Silent Disco: Introduction to LDA Topic Modelling

Online
In this Silent Disco session, we focus on topic modelling using the Latent Dirichlet Allocation (LDA) method, a widely used unsupervised probabilistic model for uncovering thematic patterns in text. LDA assumes that documents are mixtures of latent topics and that each topic is characterised by a distribution over words. This allows the model to assign probabilistic weights indicating how strongly particular words or documents are linked to specific themes. There are a number of use cases where data-driven methodologies like LDA for assigning themes/topics can add an advantageous feature in conjunction with other approaches, particularly for cases where corpus or document data sizes are large or ambiguous.

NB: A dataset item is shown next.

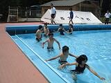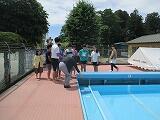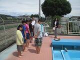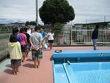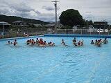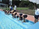 3密にならないよう、注意点を確認しながら、プールの学習が始まりました。準備運動は、校庭で広がって行い、プールサイドも間隔をとって整列します。「水中歩き」や「けのび」などの練習もクラスを3つのグループに分けて、混雑しないようにして楽しみながら学習しています。

In this silent disco session, participants will follow a guided script that walks them through the core steps of LDA-based topic modelling. The session begins with essential text-preprocessing routines, moves on to approaches for selecting an appropriate number of topics, and then introduces the application of LDA to extract themes from a corpus. The script concludes with guidance on how to read, interpret, and critically assess the resulting topics. By the end, participants will have worked through the full workflow independently, at their own pace, while gaining a clearer sense of how LDA differs from other text-analysis techniques and what it can—and cannot—reveal about textual data.
This course will be taught by Aybuke Atalay and Somya Iqbal.
After taking part in this event, you may decide that you need some further help in applying what you have learnt to your research. If so, you can book a Data Surgery meeting with one of our training fellows.
More details about Data Surgeries.
Those who have registered to take part will receive an email with full details on how to get ready for this course.
If you’re new to this training event format, or to CDCS training events in general, read more on what to expect from CDCS training. Here you will also find details of our cancellation and no-show policy, which applies to this event.
Level
This workshop requires the following pre-knowledge:
- Participants should be familiar with the basics of R/Python and working with these on platforms such as Jupyter Notebook/Google Colab or the University service Noteable
Learning Outcomes
- Understand the core principles of LDA topic modelling
- Apply the key steps of text pre-processing and implement an LDA model on a given corpus
- Interpret topic outputs and assess model choices, including the selection of an appropriate number of topics.
Skills
- An ability to pre-process data for LDA analysis
Application of LDA in a programmatic workflow (either R/Python)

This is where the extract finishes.